══ Task inputs
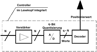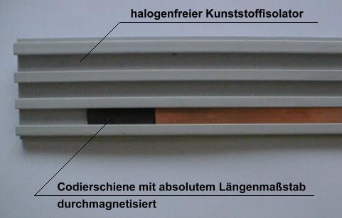 Logik, der die Position über die Schnittstelle an die steuernde Einheit weitergibt. Die Lineargeberschiene wird
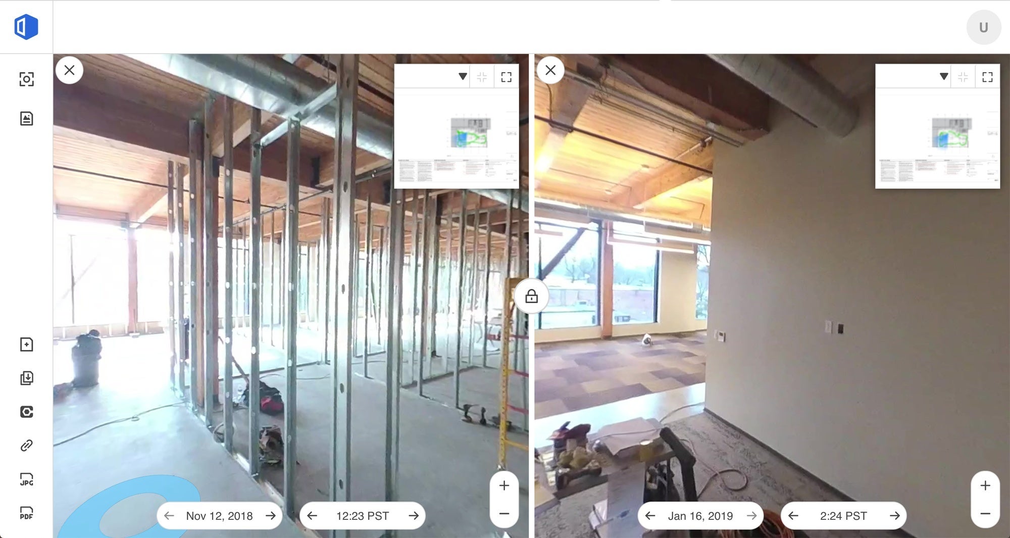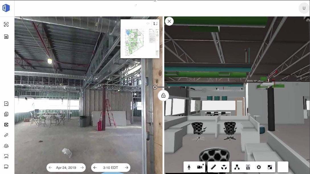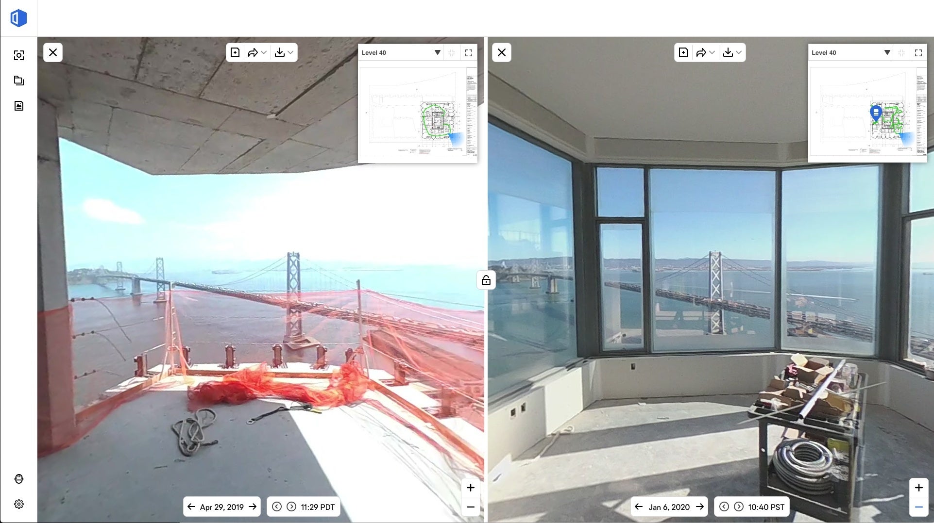 また、リモート環境からウェブ経由で進捗状況を確認することができるため、それぞれの現場へ赴くことなく、複数のプロジェクトを管理することが可能となります。データの共有、既存ツールとの統合はもちろんのこと、ブラウザ上で現場の最新状況とBIMデータを比較するなどの機能を備えています。
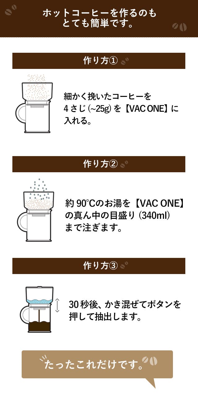 ホットコーヒーが約30秒で簡単プロの味。水出しも約4分で作れる VAC ONE- CAMPFIREキャンプファイヤー。
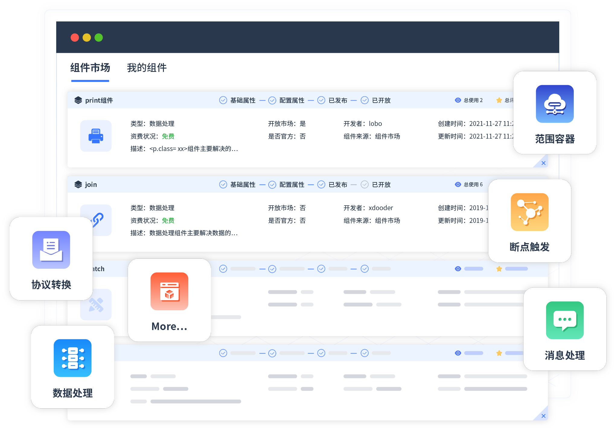 针对集成场景,,,,VIVO钱包提供组件市场,,,,例如协议转换、、、消息处理、、文件操作等。。除平台提供的组件外,,,,客户可以自定义所需组件。。
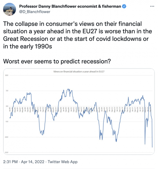This tweet is from my friend and fellow Mile End Road economist Danny Blanchflower:
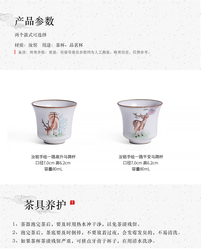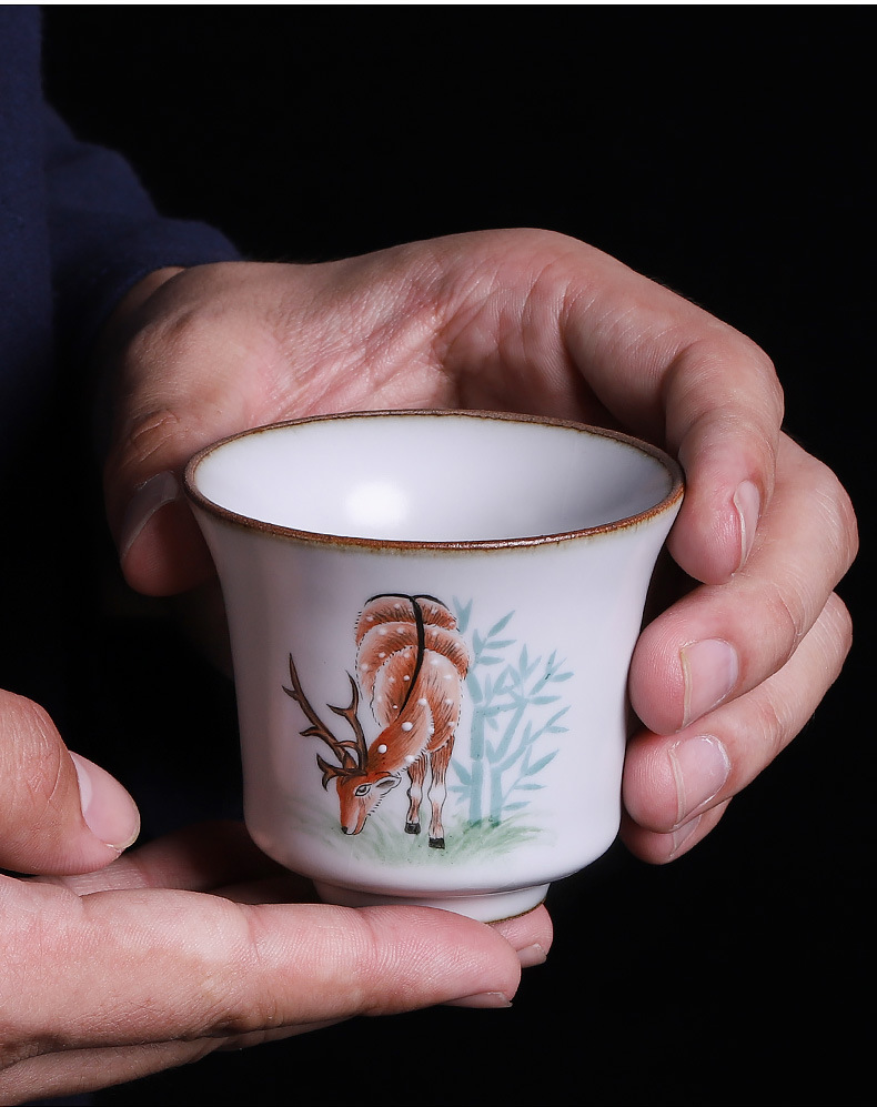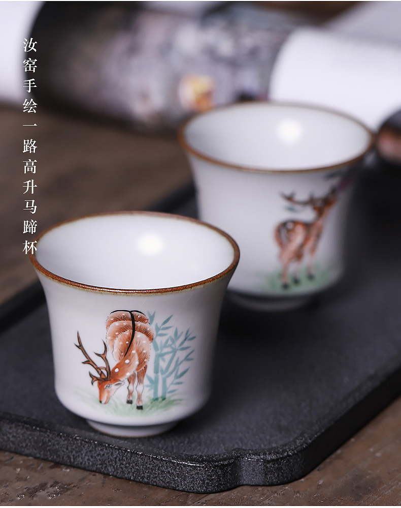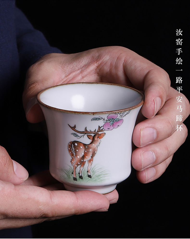 景德镇手绘茶杯纯手工汝瓷开片主人杯单只家用喝茶杯中式
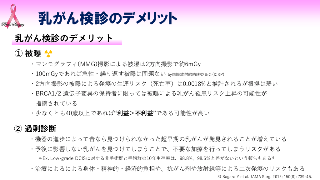 #6. 乳がん検診のデメリット 乳がん検診のデメリット ① 被曝 ・マンモグラフィ(MMG)撮影による被曝は2方向撮影で約6mGy ・100mGyであれば急性・繰り返す被曝は問題ない by国際放射線防護委員会(ICRP) ・2方向撮影の被曝による発癌の生涯リスク(死亡率)は0.0018%と推計されるが根拠は弱い ・BRCA1/2 遺伝子変異の保持者に限っては被曝による乳がん罹患リスク上昇の可能性が 指摘されている ・少なくとも40歳以上であれば“利益>不利益”である可能性が高い ② 過剰診断 ・機器の進歩によって昔なら見つけられなかった超早期の乳がんが発見されることが増えている ・予後に影響しない乳がんを見つけてしまうことで、不要な加療を行ってしまうリスクがある ⇒Ex. Low-grade DCISに対する非手術群と手術群の10年生存率は、98.8%、98.6%と差がないという報告もある)3 ・治療によるによる身体・精神的・経済的負担や、抗がん剤や放射線等による二次発癌のリスクもある 3) Sagara Y et al. JAMA Surg. 2015; 150(8): 739-45.
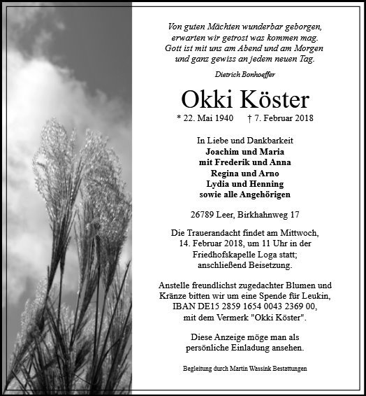 geboren am 22. Mai 1940 in Loga, jetzt Leer
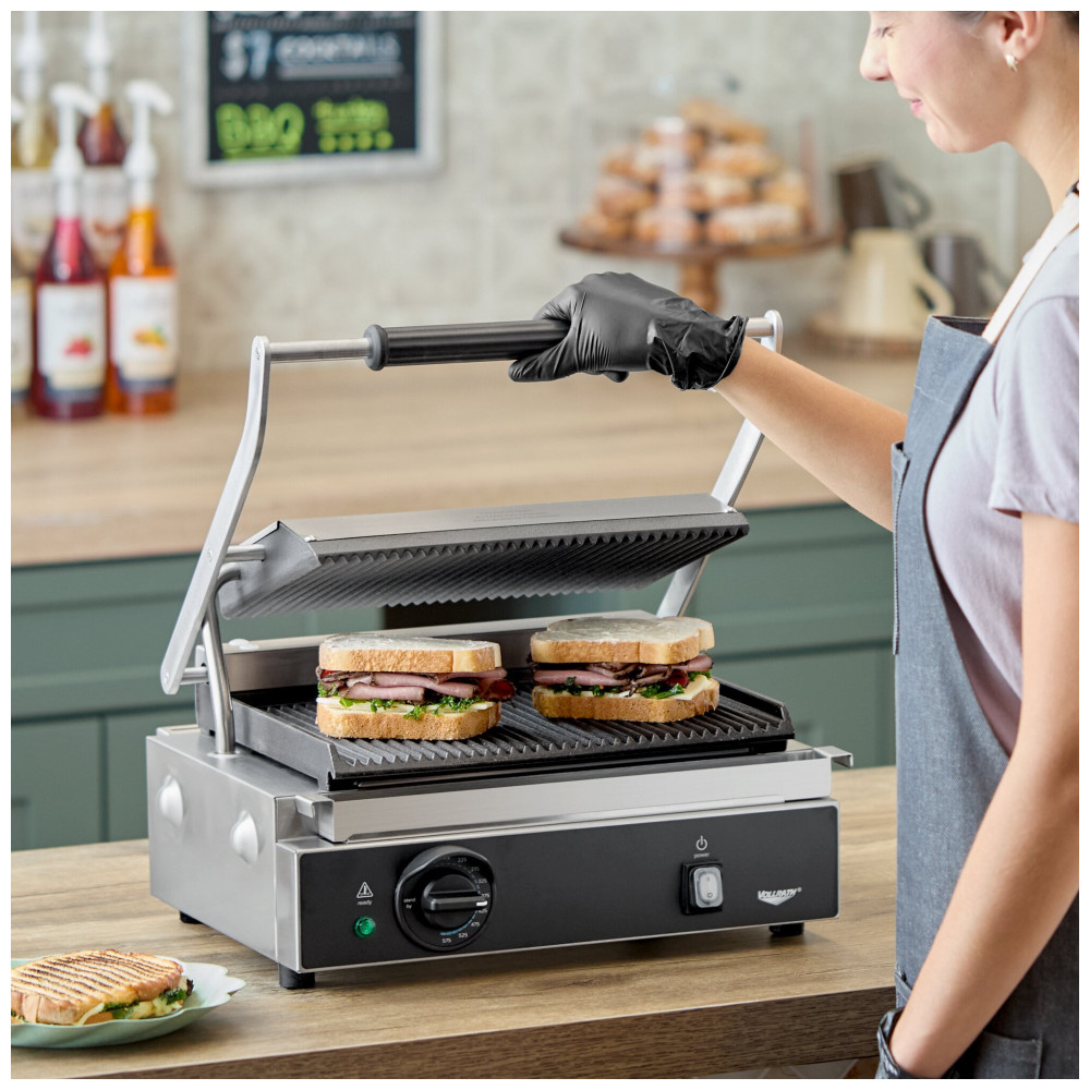 A grelha panini simples Vollrath PSG4-SG120 é um equipamento elétrico projetado para grelhar sanduíches, hambúrgueres, vegetais e frango em cozinhas comerciais. Possui design compacto de perfil baixo, com placas de ferro fundido sulcadas nas faces superior e inferior, que retêm calor de forma eficiente e acomodam espessuras variadas de alimentos graças à ação pivotante da placa superior.
════
What needs to be done ->
After dropping the pictures, reproduce exactly the lines from the first line of the entries through the line containing "geboren am 22. Mai 1940 in Loga, jetzt Leer", both included.

Written response ->
 Logik, der die Position über die Schnittstelle an die steuernde Einheit weitergibt. Die Lineargeberschiene wird
 また、リモート環境からウェブ経由で進捗状況を確認することができるため、それぞれの現場へ赴くことなく、複数のプロジェクトを管理することが可能となります。データの共有、既存ツールとの統合はもちろんのこと、ブラウザ上で現場の最新状況とBIMデータを比較するなどの機能を備えています。
 ホットコーヒーが約30秒で簡単プロの味。水出しも約4分で作れる VAC ONE- CAMPFIREキャンプファイヤー。
 针对集成场景,,,,VIVO钱包提供组件市场,,,,例如协议转换、、、消息处理、、文件操作等。。除平台提供的组件外,,,,客户可以自定义所需组件。。
This tweet is from my friend and fellow Mile End Road economist Danny Blanchflower:
 景德镇手绘茶杯纯手工汝瓷开片主人杯单只家用喝茶杯中式
 #6. 乳がん検診のデメリット 乳がん検診のデメリット ① 被曝 ・マンモグラフィ(MMG)撮影による被曝は2方向撮影で約6mGy ・100mGyであれば急性・繰り返す被曝は問題ない by国際放射線防護委員会(ICRP) ・2方向撮影の被曝による発癌の生涯リスク(死亡率)は0.0018%と推計されるが根拠は弱い ・BRCA1/2 遺伝子変異の保持者に限っては被曝による乳がん罹患リスク上昇の可能性が 指摘されている ・少なくとも40歳以上であれば“利益>不利益”である可能性が高い ② 過剰診断 ・機器の進歩によって昔なら見つけられなかった超早期の乳がんが発見されることが増えている ・予後に影響しない乳がんを見つけてしまうことで、不要な加療を行ってしまうリスクがある ⇒Ex. Low-grade DCISに対する非手術群と手術群の10年生存率は、98.8%、98.6%と差がないという報告もある)3 ・治療によるによる身体・精神的・経済的負担や、抗がん剤や放射線等による二次発癌のリスクもある 3) Sagara Y et al. JAMA Surg. 2015; 150(8): 739-45.
 geboren am 22. Mai 1940 in Loga, jetzt Leer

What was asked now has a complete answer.